§ Your assignment: The entries below contain pictures. Write out only the lines from the line with "Мощность: 750. Форм-фактор: ATX." up to and including the line with "2 x nurf bullet", exactly, without them.
[Data for this exercise — start]
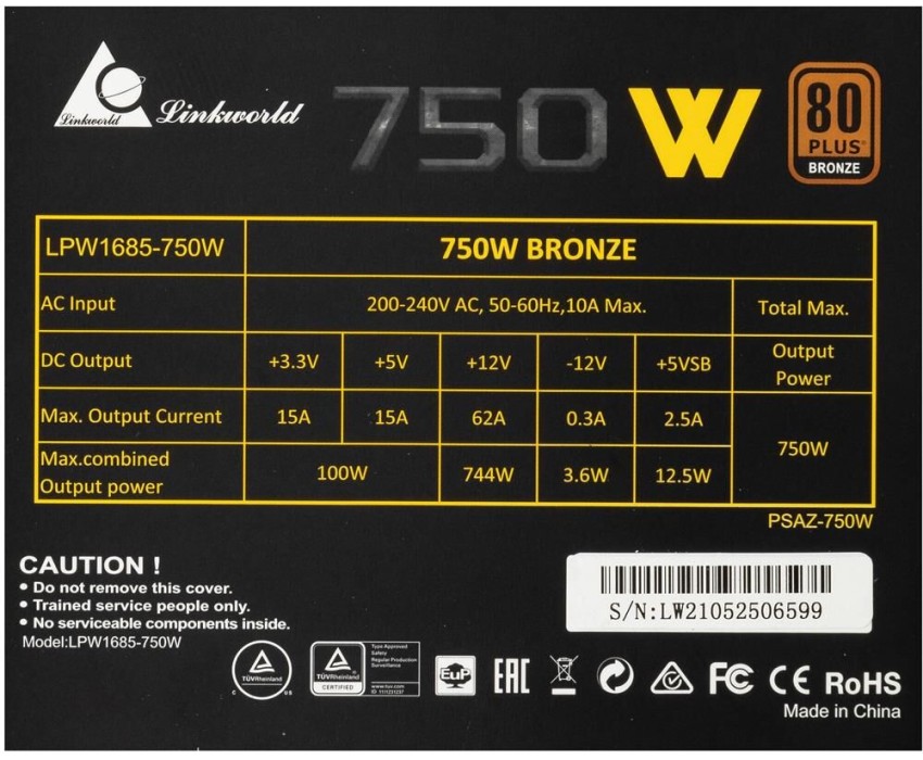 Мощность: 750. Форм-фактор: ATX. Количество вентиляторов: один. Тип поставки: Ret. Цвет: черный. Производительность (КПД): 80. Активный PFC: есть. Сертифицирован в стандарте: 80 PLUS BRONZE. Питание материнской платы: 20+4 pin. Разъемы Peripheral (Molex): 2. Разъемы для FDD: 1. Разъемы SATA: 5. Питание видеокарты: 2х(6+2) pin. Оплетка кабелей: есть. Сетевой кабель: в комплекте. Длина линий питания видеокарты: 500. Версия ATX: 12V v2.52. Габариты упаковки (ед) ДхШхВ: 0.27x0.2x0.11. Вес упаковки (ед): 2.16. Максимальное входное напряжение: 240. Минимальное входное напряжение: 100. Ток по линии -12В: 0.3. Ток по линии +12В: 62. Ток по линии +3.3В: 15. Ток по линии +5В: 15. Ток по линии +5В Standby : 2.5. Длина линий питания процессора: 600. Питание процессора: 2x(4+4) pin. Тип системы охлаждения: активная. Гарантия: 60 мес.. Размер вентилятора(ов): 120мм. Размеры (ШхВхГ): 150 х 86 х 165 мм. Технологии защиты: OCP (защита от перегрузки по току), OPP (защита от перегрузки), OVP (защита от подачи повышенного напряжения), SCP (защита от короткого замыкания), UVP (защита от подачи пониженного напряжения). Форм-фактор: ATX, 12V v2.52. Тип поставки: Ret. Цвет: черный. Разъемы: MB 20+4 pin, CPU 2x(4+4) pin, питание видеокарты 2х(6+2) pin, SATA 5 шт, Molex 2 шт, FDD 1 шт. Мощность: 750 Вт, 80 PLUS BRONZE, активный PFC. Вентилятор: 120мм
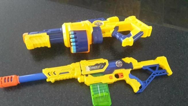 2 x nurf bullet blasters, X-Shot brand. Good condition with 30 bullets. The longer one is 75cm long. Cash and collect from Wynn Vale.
[Data for this exercise — finish]
[Data for this exercise — start]
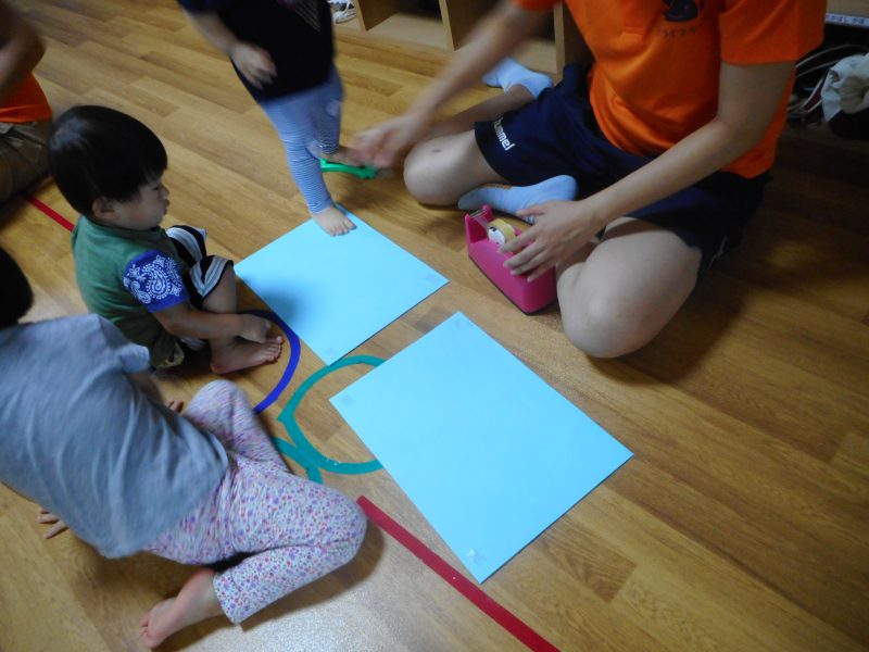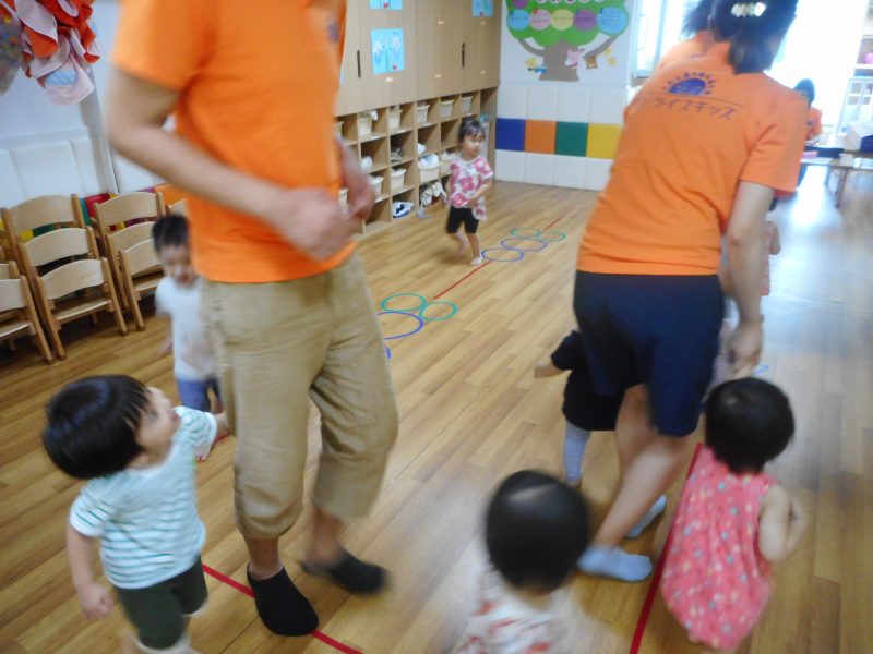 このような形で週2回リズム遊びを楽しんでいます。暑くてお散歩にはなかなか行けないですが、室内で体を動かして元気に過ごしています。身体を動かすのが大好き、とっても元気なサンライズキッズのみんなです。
[Data for this exercise — finish]
§ Answer section:
 Мощность: 750. Форм-фактор: ATX. Количество вентиляторов: один. Тип поставки: Ret. Цвет: черный. Производительность (КПД): 80. Активный PFC: есть. Сертифицирован в стандарте: 80 PLUS BRONZE. Питание материнской платы: 20+4 pin. Разъемы Peripheral (Molex): 2. Разъемы для FDD: 1. Разъемы SATA: 5. Питание видеокарты: 2х(6+2) pin. Оплетка кабелей: есть. Сетевой кабель: в комплекте. Длина линий питания видеокарты: 500. Версия ATX: 12V v2.52. Габариты упаковки (ед) ДхШхВ: 0.27x0.2x0.11. Вес упаковки (ед): 2.16. Максимальное входное напряжение: 240. Минимальное входное напряжение: 100. Ток по линии -12В: 0.3. Ток по линии +12В: 62. Ток по линии +3.3В: 15. Ток по линии +5В: 15. Ток по линии +5В Standby : 2.5. Длина линий питания процессора: 600. Питание процессора: 2x(4+4) pin. Тип системы охлаждения: активная. Гарантия: 60 мес.. Размер вентилятора(ов): 120мм. Размеры (ШхВхГ): 150 х 86 х 165 мм. Технологии защиты: OCP (защита от перегрузки по току), OPP (защита от перегрузки), OVP (защита от подачи повышенного напряжения), SCP (защита от короткого замыкания), UVP (защита от подачи пониженного напряжения). Форм-фактор: ATX, 12V v2.52. Тип поставки: Ret. Цвет: черный. Разъемы: MB 20+4 pin, CPU 2x(4+4) pin, питание видеокарты 2х(6+2) pin, SATA 5 шт, Molex 2 шт, FDD 1 шт. Мощность: 750 Вт, 80 PLUS BRONZE, активный PFC. Вентилятор: 120мм
 2 x nurf bullet blasters, X-Shot brand. Good condition with 30 bullets. The longer one is 75cm long. Cash and collect from Wynn Vale.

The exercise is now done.